A diferencia de sus colegas que practican con éxito el género policial, el irlandés John Connolly ha alterado radicalmente las reglas básicas del juego -un cadáver, una investigación a cargo de un sabueso y un final convincente-, para entregarnos obras de gran densidad psicológica, histórica y metafísica, donde se dan cita los mitos, el Antiguo y Nuevo Testamento, elementos góticos y diabólicos, más una serie de factores que otorgan una creciente complejidad a sus ficciones y que en otras manos se traducirían en una mazamorra incomprensible. De alguna manera imprecisable, nos hace creer en fantasmas, en situaciones paranormales y en giros relacionados con conspiraciones espectrales que, gracias a la sólida, expresiva y febril prosa del autor, convierten a sus abracadabrantes historias en tramas atrapantes y muy bien concebidas. No es un logro menor cada vez que abordamos sus libros, por lo general de 500 páginas, que logran cautivarnos desde el principio hasta el desenlace.

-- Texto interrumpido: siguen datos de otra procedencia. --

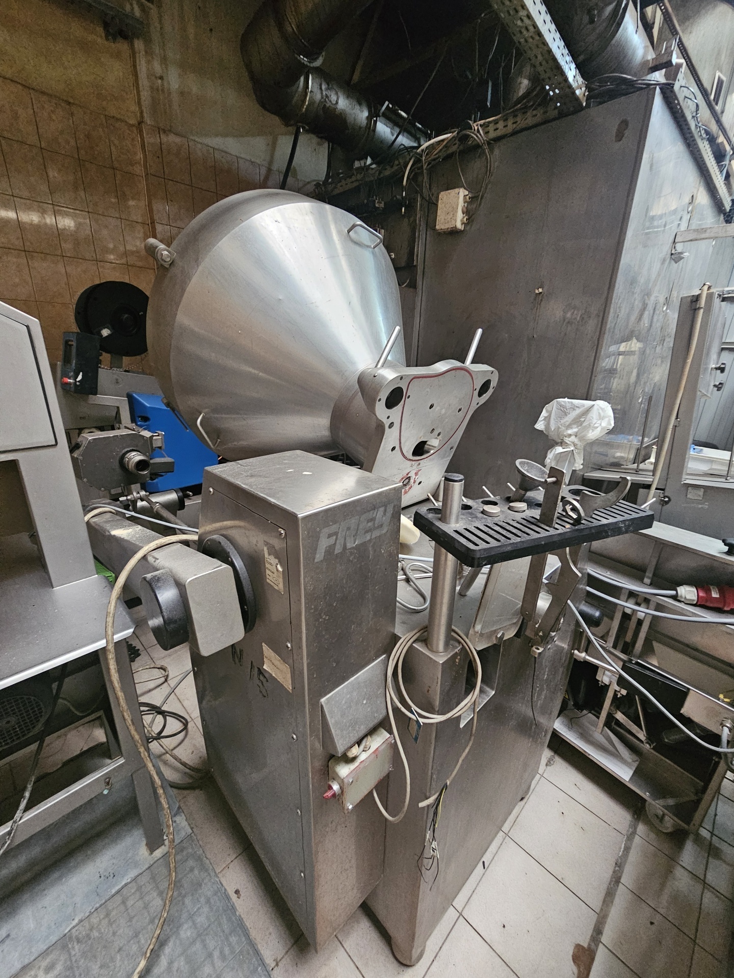 Продается Шприц роторный для производства колбасных изделий Frey konti T-260 2005 года выпуска. В полной комплектации с подъемником и перекрутчиком. В очень хорошем состоянии, все полностью обслужено (насос, уплотнения, перекрутчик, все механические узлы), без выработки в лопатках и роторе. В комплекте также большое количество различных цевок. Цена с указана с НДС. Возможен торг!!! Также имеется другое оборудование для мясопереработки.

La canción de las sombras, su último título, confirma plenamente lo anterior. La acción transcurre en el estado de Maine y en distintas aldeas vecinas entre sí, y tiene como protagonista al detective Charlie Parker, quien ya ha participado en una serie de 15 títulos previos y que, como suele suceder en la actual novelística negra, es harto extravagante: sus principales asistentes, Louis y Ángel, son una pareja de ex delincuentes peligrosísimos, ambos gays, que están dispuestos a matar a quien sea con tal de proteger a su jefe, o los hermanos Fulci, dos gigantes que producen miedo de solo mirarlos, pero son una parte indispensable en el equipo de Charlie. Estos y otros personajes dan una nota de humor, contribuyen con diálogos chispeantes y aportan ligereza a intrigas muy macabras, muy lúgubres.
En efecto,
La canción... empieza con el horrible asesinato de un matrimonio, al que le siguen otros homicidios, cada vez más sangrientos, hasta formar una cadena de sucesos detrás de los cuales se encuentra una red conectada con el Tercer Reich alemán, encargada de proteger a genocidas que se asilaron en Estados Unidos y que, 70 años después de terminada la última guerra mundial, están siendo descubiertos por el FBI, por otras agencias federales y por la comisaría local, puesto que todos residen en la imaginaria comarca de Boreas y sus alrededores. Charlie no está en su mejor momento, ya que convalece de heridas graves que estuvieron a punto de costarle la vida, por lo que arrienda una casa a orillas del mar para su dolorosa recuperación. Todo va bien, hasta que Charlie traba amistad con Ruth Winter y su pequeña hija, Amanda, quienes están en la mira de la organización neonazi encargada de eliminar a todos los testigos sobrevivientes del campo de exterminio de Lubsko, situado en Polonia, en las proximidades de Auschwitz.
La canción... se remonta, pues, al horrendo pasado hitleriano y de ahí vuelve al presente, un presente tecnologizado, de comunicación instantánea, de recursos ilimitados que, no obstante, de nada sirven para detectar el entramado que actúa bajo un sistema de protección invencible, hasta la aparición de Charlie y sus amigos. De hecho, en esta narración apenas hay un par de referencias a teléfonos celulares y toda la gente, tanto los miembros de la administración de justicia, como los facinerosos, parecen actuar sin computadores ni grabadoras, limitándose al antiguo procedimiento de tomar notas o al trabajo puerta a puerta. Este detalle puede pasarse fácilmente por alto, aunque sin ninguna duda es un homenaje de Connolly a la gran tradición americana de los años 30 y 40, o sea, Hammett, Chandler, Woolrich y otros predecesores.
A mitad de camino,
La canción... parecería encallar en el desorden, la incoherencia y un nivel de confusión debido a la multiplicidad de incidentes, a la proliferación de sucesos inexplicables o al vasto número de hombres y mujeres, de los más diversos ámbitos, que entran en el relato. No hay tal. Con pulso seguro, Connolly nos conduce por los laberintos del poder, por los subterráneos de una sociedad que está inmersa en el consumismo y por las existencias de un vasto número de individuos que están dispuestos a lo que sea para ocultarse y que recurren a atroces formas de atentados, como si fuera algo común y corriente. Quizá el único defecto de La canción... y del resto del corpus de Connolly resida en que los malos son demasiado malos y los buenos, pese a sus tachas, estén imbuidos de un elevado sentido moral. Como sea, es una falla muy menor frente a un texto tan absorbente.